In other words, to do whatever good we can for those who are oppressed. (Amos
The people who are the most vulnerable to injustice, and the ones to whom
we are called by God to pay special attention are the widow, the orphan, the
immigrant and the poor. (Exodus 23:9; Leviticus 19:10; Jeremiah 22:15,16;
To love mercy:
This heart of this term refers to kindness, and is translated “mercy” as a
reference to compassion. God is calling us to be the kind of person who delights
in showing compassion for people in need – when we see people in pain,
distress or misery, to step in and take action to relieve their need. It is important
to remember that this is a “covenantal obligation.” This is not simply random
charity. It is a moral obligation to be like God- someone who is committed to
showing mercy. (Mt 5:43-48; Gal 6:10)
This call for compassion applies to all kinds of need, but God calls us to pay
attention to obvious physical need: hunger, shelter, clothing, sickness. (Isa 58:6-
12 ; Mt 25:31-46; Luke 10:25-37; 1 John 3:16-18)
What is so unusual about God’s mercy is that it comes from a God of grace: we
extend such help even to people who are unworthy or, who deserve just the
opposite; we even show mercy to our enemies. (Luke 6:27-36; Romans 12:17)

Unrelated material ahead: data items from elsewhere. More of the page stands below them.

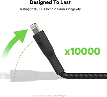 Charge and sync your iPhone and iPad, or transfer music, photos, and data from any USB-A port with an MFi-certified connection. Enhanced braided nylon provides long-lasting durability as well as a premium look and feel to complement your devices. Testing to 10000+ bends* assures longevity.
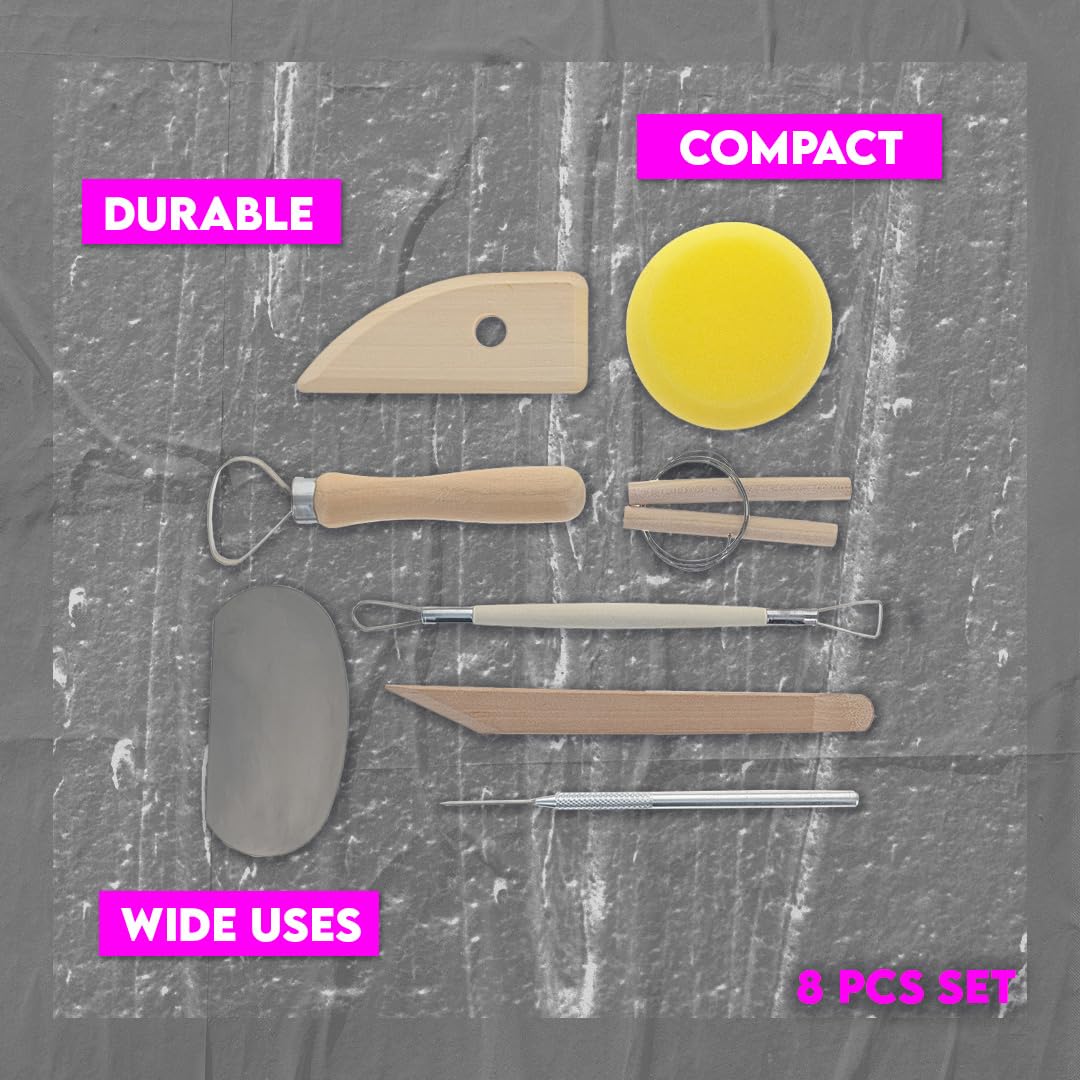 COMPLETE KIT- This 8-piece pottery tool set is perfect for beginners and experts alike, providing comprehensive options for cutting, shaping, decorating, and smoothing various types of clay.
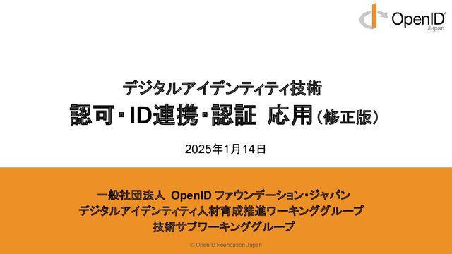 応用(修正版) 一般社団法人 OpenID ファウンデーション・ジャパン デジタルアイデンティティ人材育成推進ワーキンググループ 技術サブワーキンググループ 2025年1月14日

To walk humbly with our God:
We are not to pursue this lifestyle from a position of arrogance, superiority or
condescension, but from a humble walk with God: a humility that comes directly
from being the recipients of God’s great mercy in our lives (2 Cor 8:1-9); a
humility that trusts God to do His will His way – even boasting in our weakness (2
Cor 12:9ff); and a humility that means we will not rely on human sources of
strength, but on the Spirit’s power, (Zechariah 4:6; Acts 2 & 4). Humility in
Scripture includes not only a humble heart attitude, but also a willingness to
minister in humble circumstances (2 Cor 8:9; Phil 2:6-8) because the very nature
of the kingdom is that it is “for” (directed towards) the poor. (Luke 4:18-21, 6:20)
This humility, which comes first from seeing our own need for and reception of
God’s mercy and favor, means the deeds of justice and compassion will not be
marked by a motivation of making ourselves feel important, but they will be done
as a true expression of the love of God, with careful concern for the person’s true
need, and “quietly” – without drawing a lot of attention to ourselves (Isa 42:1-4).